**Required work**
In the entries below, find the line with "یک تظاهراتکننده سنی" and the line with "La activación del"; give again those lines and every line between them, exactly.

**Material for the task**
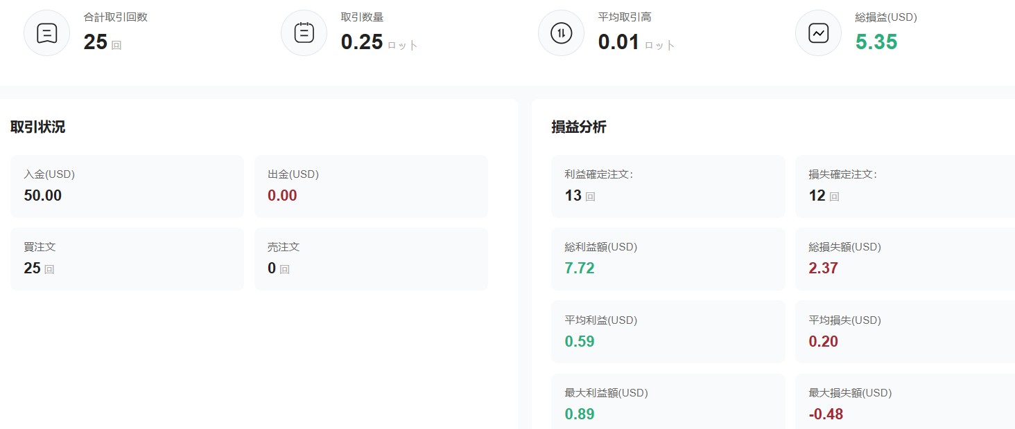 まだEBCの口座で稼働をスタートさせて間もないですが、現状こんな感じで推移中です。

* * *

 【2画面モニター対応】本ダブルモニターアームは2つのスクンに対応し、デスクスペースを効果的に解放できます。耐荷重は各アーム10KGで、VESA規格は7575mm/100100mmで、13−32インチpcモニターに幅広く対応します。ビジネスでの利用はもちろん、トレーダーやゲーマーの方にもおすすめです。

* * *

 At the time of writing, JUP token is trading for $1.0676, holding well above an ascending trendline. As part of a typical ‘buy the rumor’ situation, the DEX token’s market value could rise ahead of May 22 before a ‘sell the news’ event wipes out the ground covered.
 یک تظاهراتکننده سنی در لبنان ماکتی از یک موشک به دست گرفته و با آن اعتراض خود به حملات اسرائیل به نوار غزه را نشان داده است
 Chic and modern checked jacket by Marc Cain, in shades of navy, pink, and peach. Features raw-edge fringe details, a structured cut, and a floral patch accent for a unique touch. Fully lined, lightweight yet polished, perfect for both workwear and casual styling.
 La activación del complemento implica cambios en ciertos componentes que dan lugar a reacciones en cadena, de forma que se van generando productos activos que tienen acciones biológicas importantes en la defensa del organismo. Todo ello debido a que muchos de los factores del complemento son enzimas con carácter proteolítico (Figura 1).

**Solution for this task**
 یک تظاهراتکننده سنی در لبنان ماکتی از یک موشک به دست گرفته و با آن اعتراض خود به حملات اسرائیل به نوار غزه را نشان داده است
 Chic and modern checked jacket by Marc Cain, in shades of navy, pink, and peach. Features raw-edge fringe details, a structured cut, and a floral patch accent for a unique touch. Fully lined, lightweight yet polished, perfect for both workwear and casual styling.
 La activación del complemento implica cambios en ciertos componentes que dan lugar a reacciones en cadena, de forma que se van generando productos activos que tienen acciones biológicas importantes en la defensa del organismo. Todo ello debido a que muchos de los factores del complemento son enzimas con carácter proteolítico (Figura 1).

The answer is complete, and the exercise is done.